◆ Task details: Two lines below mark the span: the one containing "ensure long-lasting protection." and the one containing "Neurdein/ND Phot..167. - Les". Set down both, plus every line between, exactly as they stand, and nothing else.
=== Begin Enclosure ===
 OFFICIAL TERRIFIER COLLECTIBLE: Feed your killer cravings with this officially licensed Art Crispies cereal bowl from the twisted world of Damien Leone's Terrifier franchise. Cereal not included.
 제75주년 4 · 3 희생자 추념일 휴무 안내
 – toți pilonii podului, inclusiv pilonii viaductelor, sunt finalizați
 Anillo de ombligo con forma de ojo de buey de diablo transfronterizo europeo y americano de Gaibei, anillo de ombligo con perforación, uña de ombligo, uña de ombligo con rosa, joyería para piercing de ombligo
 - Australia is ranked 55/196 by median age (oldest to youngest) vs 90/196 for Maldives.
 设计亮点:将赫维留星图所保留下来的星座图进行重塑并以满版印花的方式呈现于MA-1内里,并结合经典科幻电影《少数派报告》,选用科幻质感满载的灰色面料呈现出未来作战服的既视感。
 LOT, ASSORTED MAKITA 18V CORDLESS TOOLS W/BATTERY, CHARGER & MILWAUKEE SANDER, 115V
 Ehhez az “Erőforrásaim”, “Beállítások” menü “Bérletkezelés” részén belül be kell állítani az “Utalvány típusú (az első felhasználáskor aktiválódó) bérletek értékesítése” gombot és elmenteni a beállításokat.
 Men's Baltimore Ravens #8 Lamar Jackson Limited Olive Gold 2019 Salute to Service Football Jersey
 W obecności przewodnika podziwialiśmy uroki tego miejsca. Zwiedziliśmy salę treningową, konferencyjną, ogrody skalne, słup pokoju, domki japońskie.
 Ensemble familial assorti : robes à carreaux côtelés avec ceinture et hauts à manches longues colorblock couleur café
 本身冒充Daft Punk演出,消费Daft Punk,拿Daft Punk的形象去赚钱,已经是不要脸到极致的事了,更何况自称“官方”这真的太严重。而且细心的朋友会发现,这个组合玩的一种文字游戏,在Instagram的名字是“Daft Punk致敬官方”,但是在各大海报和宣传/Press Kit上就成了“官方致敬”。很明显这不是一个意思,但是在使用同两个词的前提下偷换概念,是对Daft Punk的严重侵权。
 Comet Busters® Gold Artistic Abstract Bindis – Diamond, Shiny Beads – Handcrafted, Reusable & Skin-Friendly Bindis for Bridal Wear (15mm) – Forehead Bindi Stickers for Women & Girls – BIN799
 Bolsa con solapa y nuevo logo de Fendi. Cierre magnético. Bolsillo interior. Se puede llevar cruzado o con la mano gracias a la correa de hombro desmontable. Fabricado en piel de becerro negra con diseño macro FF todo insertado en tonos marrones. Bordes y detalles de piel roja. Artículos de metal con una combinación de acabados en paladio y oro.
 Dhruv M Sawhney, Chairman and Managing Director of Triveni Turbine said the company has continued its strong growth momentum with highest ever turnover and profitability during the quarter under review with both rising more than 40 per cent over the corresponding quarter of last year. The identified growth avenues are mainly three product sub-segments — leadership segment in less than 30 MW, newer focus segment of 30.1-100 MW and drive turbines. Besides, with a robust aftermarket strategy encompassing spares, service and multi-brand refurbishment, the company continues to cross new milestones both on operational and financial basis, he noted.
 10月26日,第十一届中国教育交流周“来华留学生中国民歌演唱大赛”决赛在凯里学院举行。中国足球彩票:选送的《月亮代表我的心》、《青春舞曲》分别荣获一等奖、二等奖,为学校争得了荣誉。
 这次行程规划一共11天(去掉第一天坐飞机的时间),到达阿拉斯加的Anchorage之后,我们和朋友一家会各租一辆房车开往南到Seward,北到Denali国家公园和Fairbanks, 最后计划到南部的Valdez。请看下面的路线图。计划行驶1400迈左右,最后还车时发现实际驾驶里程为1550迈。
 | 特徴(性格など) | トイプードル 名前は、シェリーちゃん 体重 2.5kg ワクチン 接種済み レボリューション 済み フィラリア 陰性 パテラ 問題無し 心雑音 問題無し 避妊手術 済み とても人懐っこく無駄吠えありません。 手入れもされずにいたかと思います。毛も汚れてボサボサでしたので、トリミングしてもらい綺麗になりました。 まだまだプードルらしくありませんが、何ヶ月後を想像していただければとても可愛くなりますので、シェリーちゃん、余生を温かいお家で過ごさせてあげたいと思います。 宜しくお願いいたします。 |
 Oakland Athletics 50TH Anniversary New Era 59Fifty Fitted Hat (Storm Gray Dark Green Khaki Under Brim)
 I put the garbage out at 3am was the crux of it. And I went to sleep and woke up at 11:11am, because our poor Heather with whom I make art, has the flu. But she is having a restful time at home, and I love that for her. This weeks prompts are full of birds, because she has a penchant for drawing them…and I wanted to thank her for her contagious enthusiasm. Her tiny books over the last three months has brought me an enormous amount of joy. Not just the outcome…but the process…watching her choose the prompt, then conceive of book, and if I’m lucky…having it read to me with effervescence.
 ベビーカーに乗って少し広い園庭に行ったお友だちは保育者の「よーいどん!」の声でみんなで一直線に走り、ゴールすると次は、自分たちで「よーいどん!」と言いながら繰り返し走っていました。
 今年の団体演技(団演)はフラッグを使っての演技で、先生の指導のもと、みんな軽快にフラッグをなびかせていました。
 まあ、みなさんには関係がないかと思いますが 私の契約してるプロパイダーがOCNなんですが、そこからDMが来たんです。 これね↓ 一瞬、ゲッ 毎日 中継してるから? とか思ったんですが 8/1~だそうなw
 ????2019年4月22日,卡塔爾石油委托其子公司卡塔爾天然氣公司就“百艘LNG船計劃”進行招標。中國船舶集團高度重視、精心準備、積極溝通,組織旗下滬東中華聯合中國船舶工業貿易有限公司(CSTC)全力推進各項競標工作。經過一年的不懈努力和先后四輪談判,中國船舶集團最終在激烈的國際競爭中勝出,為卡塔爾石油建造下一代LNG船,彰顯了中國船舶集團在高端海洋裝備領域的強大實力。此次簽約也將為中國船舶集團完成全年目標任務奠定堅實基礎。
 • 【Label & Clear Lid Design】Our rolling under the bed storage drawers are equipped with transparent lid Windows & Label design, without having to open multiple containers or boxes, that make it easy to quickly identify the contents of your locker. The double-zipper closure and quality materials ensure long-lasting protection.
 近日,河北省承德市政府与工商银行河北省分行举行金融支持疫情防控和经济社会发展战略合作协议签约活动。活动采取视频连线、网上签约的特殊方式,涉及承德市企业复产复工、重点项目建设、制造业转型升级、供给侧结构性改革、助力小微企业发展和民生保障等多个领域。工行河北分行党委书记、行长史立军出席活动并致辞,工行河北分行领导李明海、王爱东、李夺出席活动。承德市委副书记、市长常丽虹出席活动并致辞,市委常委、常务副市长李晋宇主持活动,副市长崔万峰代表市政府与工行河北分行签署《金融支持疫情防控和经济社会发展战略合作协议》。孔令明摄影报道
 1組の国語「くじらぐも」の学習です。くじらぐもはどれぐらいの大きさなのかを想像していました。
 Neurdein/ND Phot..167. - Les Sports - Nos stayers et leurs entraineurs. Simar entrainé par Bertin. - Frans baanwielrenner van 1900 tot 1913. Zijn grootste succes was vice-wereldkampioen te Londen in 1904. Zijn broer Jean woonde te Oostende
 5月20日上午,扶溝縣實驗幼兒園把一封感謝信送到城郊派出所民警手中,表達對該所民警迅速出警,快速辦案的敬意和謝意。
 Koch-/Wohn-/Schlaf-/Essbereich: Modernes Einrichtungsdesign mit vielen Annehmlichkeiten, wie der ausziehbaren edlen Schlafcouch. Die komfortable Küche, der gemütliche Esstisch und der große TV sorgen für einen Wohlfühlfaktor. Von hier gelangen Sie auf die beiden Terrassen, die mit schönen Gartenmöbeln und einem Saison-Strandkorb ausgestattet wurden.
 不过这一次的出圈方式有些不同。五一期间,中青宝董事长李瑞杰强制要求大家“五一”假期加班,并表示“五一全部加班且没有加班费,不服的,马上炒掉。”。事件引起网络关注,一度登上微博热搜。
=== End Enclosure ===
◆ Written reply:
 • 【Label & Clear Lid Design】Our rolling under the bed storage drawers are equipped with transparent lid Windows & Label design, without having to open multiple containers or boxes, that make it easy to quickly identify the contents of your locker. The double-zipper closure and quality materials ensure long-lasting protection.
 近日,河北省承德市政府与工商银行河北省分行举行金融支持疫情防控和经济社会发展战略合作协议签约活动。活动采取视频连线、网上签约的特殊方式,涉及承德市企业复产复工、重点项目建设、制造业转型升级、供给侧结构性改革、助力小微企业发展和民生保障等多个领域。工行河北分行党委书记、行长史立军出席活动并致辞,工行河北分行领导李明海、王爱东、李夺出席活动。承德市委副书记、市长常丽虹出席活动并致辞,市委常委、常务副市长李晋宇主持活动,副市长崔万峰代表市政府与工行河北分行签署《金融支持疫情防控和经济社会发展战略合作协议》。孔令明摄影报道
 1組の国語「くじらぐも」の学習です。くじらぐもはどれぐらいの大きさなのかを想像していました。
 Neurdein/ND Phot..167. - Les Sports - Nos stayers et leurs entraineurs. Simar entrainé par Bertin. - Frans baanwielrenner van 1900 tot 1913. Zijn grootste succes was vice-wereldkampioen te Londen in 1904. Zijn broer Jean woonde te Oostende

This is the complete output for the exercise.